• Naturpark Bayerischer Wald : 
  • Bau von naturnahen Spielanlagen im Naturpark Bayerischer Wald Dr. Peter Hohenauer und Heinz Schönbrunner im Naturpark-Informationshaus


Der Naturpark Bayerischer Wald e.V. hatte zu einem Seminartag zum Thema Anlegen von naturnahen Spielräumen eingeladen. Bildungsreferent Hartwig Löfflmann konnte eine ganze Reihe von interessierten Teilnehmern begrüßen. Als hochkarätiger Referent konnte Dr. Peter Hohenauer vom Verein Infospiel in München gewonnen werden. Zusammen mit Heinz Schönbrunner von ASID GmbH informierte er die Teilnehmer über die Anlage von Spielräumen.

Zunächst ging Heinz Schönbrunner auf Sicherheitsvorschriften ein. „Wer Spielgeräte baut, haftet dafür“, so Heinz Schönbrunner. Gut gemeint sind oft Eigenbauaktionen, manchmal über Elterninitiativen und Privatleute, es werden Kataloge hergenommen und Spielgeräte nachgebaut. Teilweise ist das sehr problematisch, weil Sicherheitsmaße dadurch nicht erkannt werden und nicht eingehalten werden können. Außerdem müssen entsprechende Funktions- und Sichtkontrollen regelmäßig erfolgen, um Gefahren und Verletzungen vermeiden zu können. Schönbrunner informierte über die einschlägigen Normen und gab Tipps, wo man sich entsprechend weiter informieren kann. Am besten ist es, Kinder auf Gefahren vorzubereiten, anstatt sie ständig von Gefahren fern zu halten, Spielen bedeutet Lernen fürs Leben. Bei den Giftpflanzen gibt es ohnehin nur wenige, die nicht auf Spielplätze gehören. Es sind dies Pfaffenhütchen, Seidelbast, Stechpalme, Goldregen und auch Eiben sollte man nicht unbedingt pflanzen.

Dr. Peter Hohenauer ging in seinem Hauptreferat auf das Anlegen von naturnahen Spielräumen ein. Früher waren ideale Spielräume in Form Brachland, Wildnis und wenig genutzten Bereichen vorhanden. Die Situation heute ist eine andere. Früher wurde ein Kind von den Eltern zur Rede gestellt, wenn es mit Abschürfungen nach Hause kam, heute wird vielfach der Rechtsanwalt bemüht und irgendwo ein Schuldiger gesucht.

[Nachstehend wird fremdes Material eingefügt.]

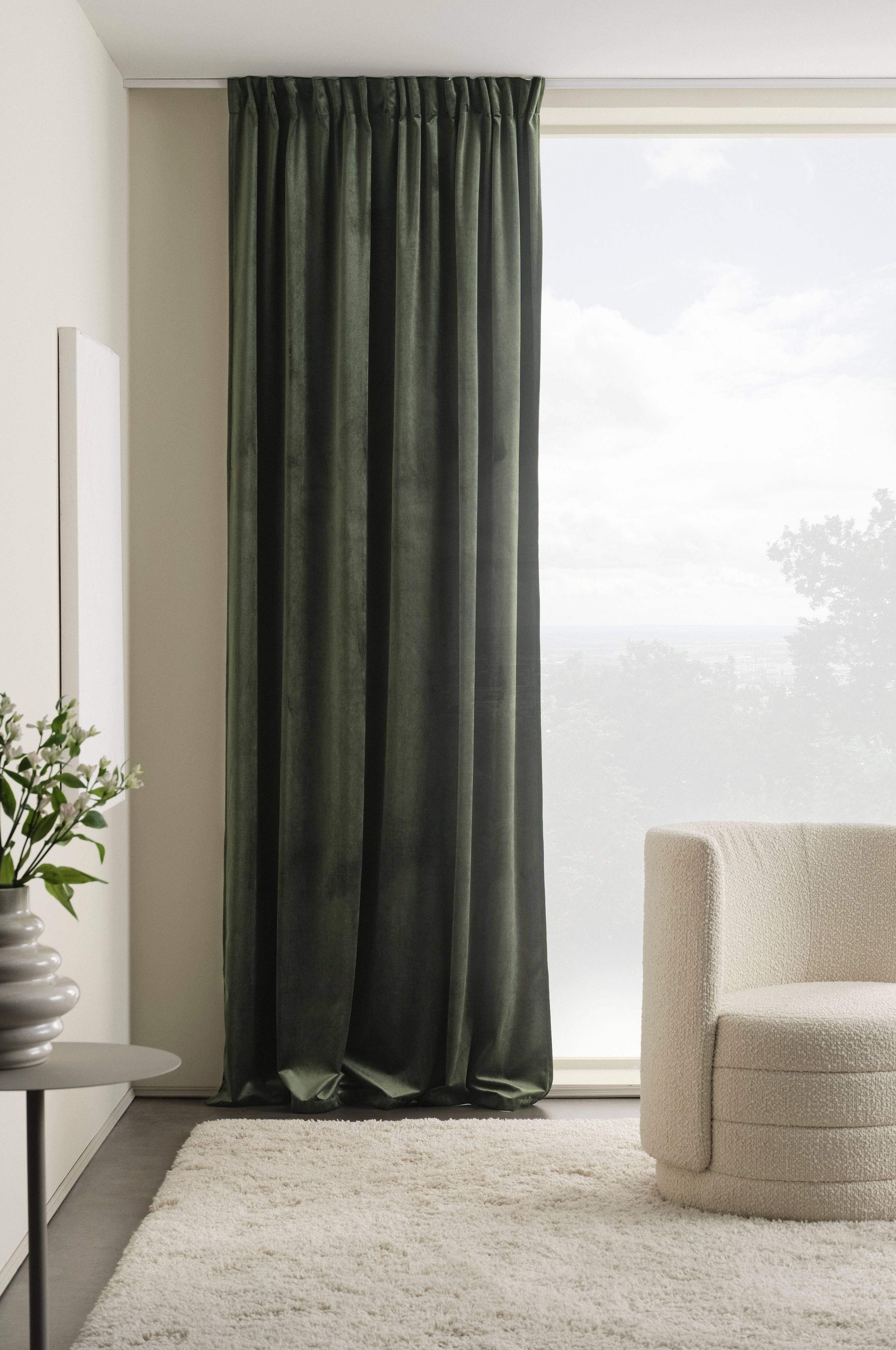 Eine Vorhanglänge aus unifarbenem Polyester-Samt. Samt hat einen schönen Glanz und fühlt sich weich an, die Farbe schimmert wunderschön in unterschiedlichem Licht.

Auch Hohenauer gab Tipps zur Sicherheit, brachte aber im Wesentlichen Vorschläge, wie man mit Baumstämmen, mit Natursteinen und mit natürlichen Situationen Kinder auf die Welt vorbereiten kann. Kinder wollen positiv in die Welt gehen, etwas erleben und Lust haben. Gute Spielräume sind für alle Generationen geeignet. Gerade um sich selbst zu ertüchtigen, braucht man zum Beispiel Findlinge zum Kraxeln und eine gute Atmosphäre, auch was Licht und Schatten anbelangt. Kinder sollen in den Bau miteinbezogen werden. Damit lernen sie zum Einen, zum Anderen achten sie das Aufgebaute ganz anders und halten es in Ordnung.

Ein ganz wichtiges Element sind Wasserbereiche und Wasserläufe. Dort soll es aber auch trockene Bereiche geben, an denen man stehen kann ohne nass zu werden. Höhlen mit großen Steinen sind stets ein Erlebnis. Wichtig ist es, mit guten Firmen sicher zu arbeiten.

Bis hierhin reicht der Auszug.